# Does loosing body fat help speed up muscle growth?



## pras1011 (Apr 18, 2008)

Basically does having less fat mean that your body will build muscle quicker?


----------



## MXD (Jan 23, 2008)

Yes you'll have more testosterone as aromatise enzymes are loacted in adipoise tissue.


----------



## Guest (Jun 3, 2008)

that i did not know


----------



## Iron19 (Jan 18, 2008)

Mrdaveyk said:


> that i did not know


Same with me. Learn something new everyday.


----------



## pras1011 (Apr 18, 2008)

MXD said:


> Yes you'll have more testosterone as aromatise enzymes are loacted in adipoise tissue.


Thanks. Can you translate that to english? Sorry! Can you explain your sentence?

Thanks a lot


----------



## MXD (Jan 23, 2008)

Lol rep me then you a$$es :tongue:

Basically your free testosterone is detemined by how much doesnt bind to shbg (sec hormone binding gobulin) and how much gets converted to estrogen via the aromatize enzyme. Less fat = less aromatise enzyme = more free T


----------



## pras1011 (Apr 18, 2008)

Thanks. Whats SHBG?

What percentage of body fat do you need to be at the minimum?


----------



## pauly7582 (Jan 16, 2007)

Not strictly true I'm afraid. The aromatase enzyme is found in many tissues including gonads, brain, placenta, blood vessels, skin, bone as well as adipose tissue

Tesosterone will always be regulated by aromatase from these sites no matter how lean you get. What is always overlooked, and has been here, are the growth and differentiation effects of oestrogen. Oestrogen is essential for muscle building.

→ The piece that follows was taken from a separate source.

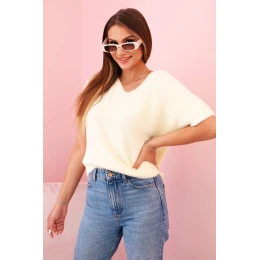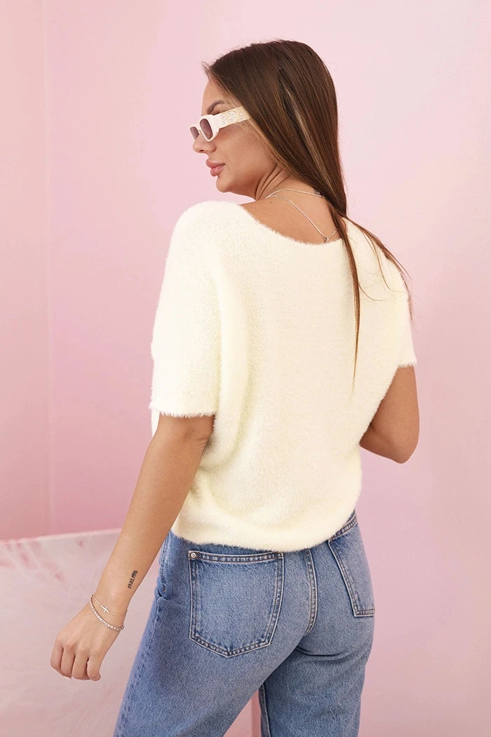 Dámský svetr z měkkého model 21291581 s V výstřihem krátký rukáv žlutý - K-Fashion

Unless you are modbidly obese then adipocity has little effect on the capacity to build muscle or how much test is available for use. Things are regulated just fine in a normal healthy person. Oestrogen also impacts the regulation of Sex Hormone Binding Globulin, but again unless you are morbidly obese for a number of years the effect on available test and therefore hypertrophy is minimal.


----------



## Ziricote (Feb 18, 2007)

I know I keep going on about it but GLUT4 is a key factor for someone who wants to gain lean bodymass. Strenuous exercise will raise GLUT4 in striated muscle and lower it in adipose cells, the whole thing is quite complicated so I won't fool you into thinking I know it all but by lowering GLUT4 in bodyfat while raising it in muscle (by working out) you then lower PPAR-Gamma which in turn makes your body secrete less insulin and make muscle more insulin sensitive. On the other side of it Asians naturally have higher PPAR-Gamma levels and with the import of Western fast food many find themselves prone to insulin insensitivity.

In short, exercise in itself primes your muscles to be fed those all important nutrients while it maintains or lowers normal bodyfat saturation. Of course you can still oversaturate so sorting your diet to work for you is essential.

EDIT- Eh, so yeah...losing bodyfat will help :lol:


----------



## pras1011 (Apr 18, 2008)

I am asian. Majority of asians have thin weak ectomorph type bodies. And when we are thin and have a bulging bellies, thats a very bad sign of poor health (on set of diabetes I think). And whats worse is that my mum developed diabetes in her 40's. I did have a bulging belly but I have managed to lose about 3.5 inches (plus some muscle mass loss). Someone tell me that this is a good thing!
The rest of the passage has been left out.